DATASET CONTENT:
-----

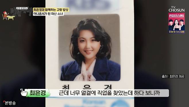 이날 이화여자대학교 영어교육학을 전공한 최은경은 아나운서를 꿈꿔본 적이 없다고 고백했다. 최은경은 "텔레비전 나오는 사람은 뭔가 되게 특별하고, 인형같이 생기는 사람들만 하는 줄 알았다. 그래서 그쪽은 꿈꿔본 적도 없다. 근데 너무 얼결에 직업을 찾았는데, 하다 보니까 저같이 내성적인 사람도 할 수 있더라"라고 밝혔다.
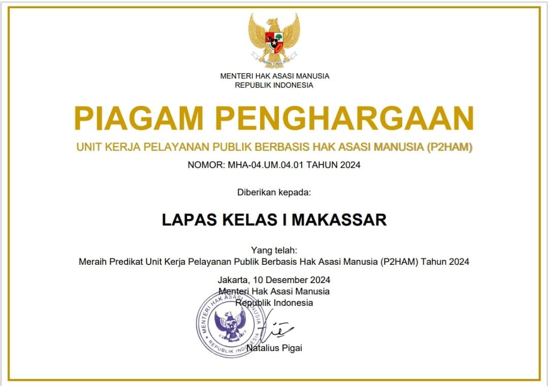 Pasalnya, momen peringatan tersebut Lapas Makassar menerima penghargaan Pelayanan Publik Berbasis Hak Asasi Manusia (P2HAM).
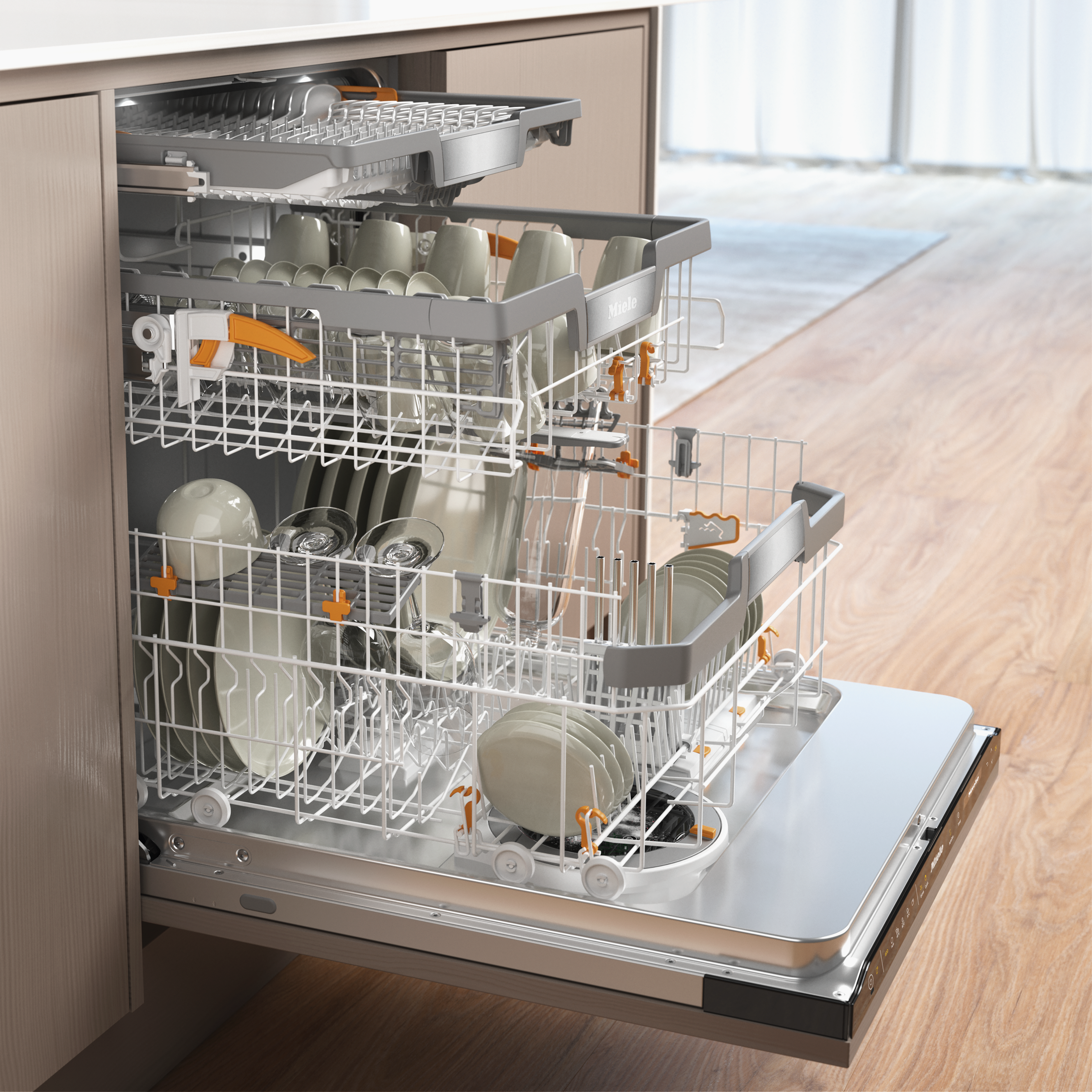 Встраиваемые посудомоечные машины Miele легко устанавливаются на эргономичной высоте. Благодаря технологии FrontFit компания Miele предлагает специальные модели, которые сводят к минимуму зазор до основания или прилегающей передней части. Это создает оптимальный рисунок соединения. Благодаря интеллектуальному механизму скольжения работа становится особенно комфортной.

-----

PROBLEM:
Exactly the lines from the top of the listing through the line with "Pasalnya, momen peringatan", and no pictures, should be printed.

TASK RESULT:
 이날 이화여자대학교 영어교육학을 전공한 최은경은 아나운서를 꿈꿔본 적이 없다고 고백했다. 최은경은 "텔레비전 나오는 사람은 뭔가 되게 특별하고, 인형같이 생기는 사람들만 하는 줄 알았다. 그래서 그쪽은 꿈꿔본 적도 없다. 근데 너무 얼결에 직업을 찾았는데, 하다 보니까 저같이 내성적인 사람도 할 수 있더라"라고 밝혔다.
 Pasalnya, momen peringatan tersebut Lapas Makassar menerima penghargaan Pelayanan Publik Berbasis Hak Asasi Manusia (P2HAM).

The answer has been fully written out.